Brought to you by Lowe's Creative Ideas

Here are some colorful design tips for decorating a shaded patio from Lowe’s Northwest region garden contributor.

Coleus makes for a blue-and-white pot

By Marianne Binetti

This year I’m giving my shaded patio some tropical punch with bold foliage from coleus (a big-leaf variety called ‘Kong’) and easy-care hostas in pots. I am also using begonia, lobelia, and lamium in a window box. Here are some more tips to make the most of any potted display:

Elevated pots add impact to a growing space.

Use hostas and coleus for bold foliage in the shade. Hostas are perennials, so they will go dormant, then return each spring. Hostas are happy to grow in the same container for four or five years, and in the Pacific Northwest this makes them easier to protect from slugs. Look for hostas with variegated leaves to help brighten a dark entry or shaded patio. Hostas are surprisingly drought resistant—but colorful coleus needs more water and protection from frost and wind.

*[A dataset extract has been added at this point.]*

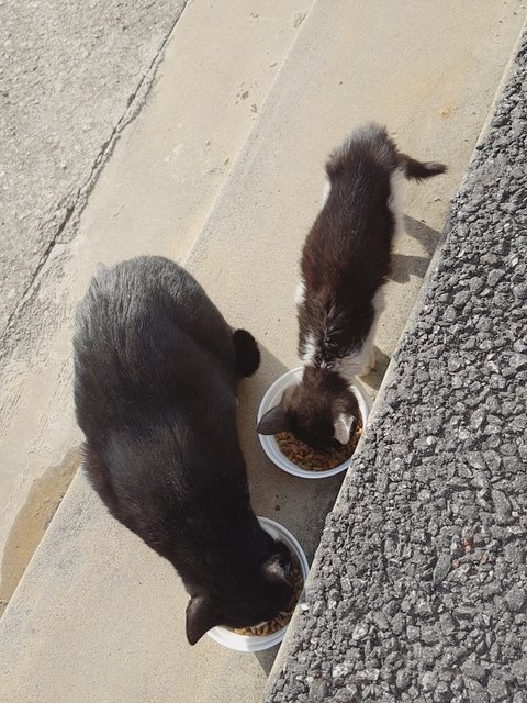 길고양이 집 만들어주려고 재료 사러 급하게 마트 다녀오는 사이에 밥들 먹고 갔네요.. 내일도 새끼랑 올까요??

Raise some pots to eye level for maximum impact and ease of care. I have a window box mounted on the wall, but I also use a table to raise a pot of coleus. I repurposed an ice bucket on a stand to hold a purple Cineraria ‘Senetti’; trained a potted clematis to grow up the wall; and set hostas on raised brick pillars. Any time you can get your pots up off the ground, they have more visual impact.

Potted hostas under a window box serve a practical purpose.

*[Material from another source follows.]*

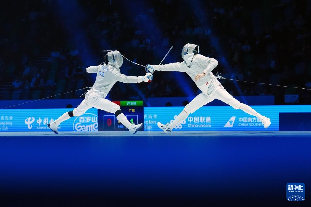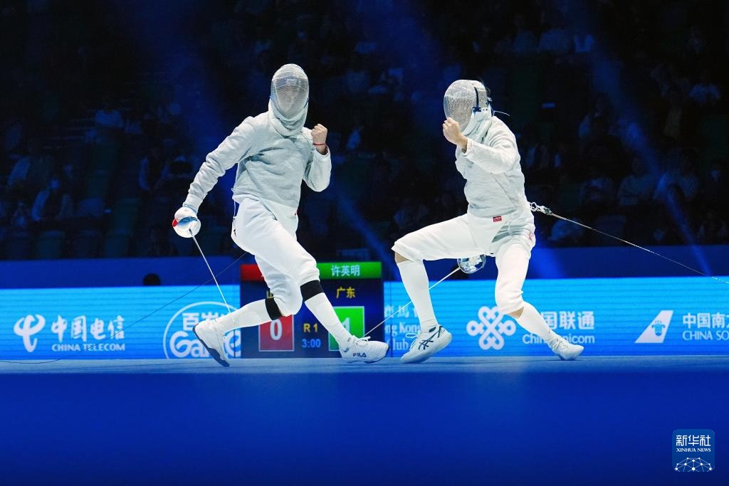 11月15日,山东队选手朱培杰(左)和广东队选手许英明在比赛中。

Position pots beneath hanging baskets and window boxes to catch drips. Container gardens are not potty trained—and who wants them leaking all over the patio? You can use saucers under pots that sit on the ground. For hanging baskets and window boxes, I placed pots of hostas right under the drainage holes, not only to catch the drips but also to recycle water and fertilizer that would just end up on the concrete.

A floral-covered chair goes perfectly with live potted plants.

Accessorize your potted display. I added a bright-yellow outdoor rug, a tropical print as a chair cover, and candles on tall iron stands. It also helps to use colorful ceramic containers, tiles, and wall art.

So what packs a punch on your shaded patio?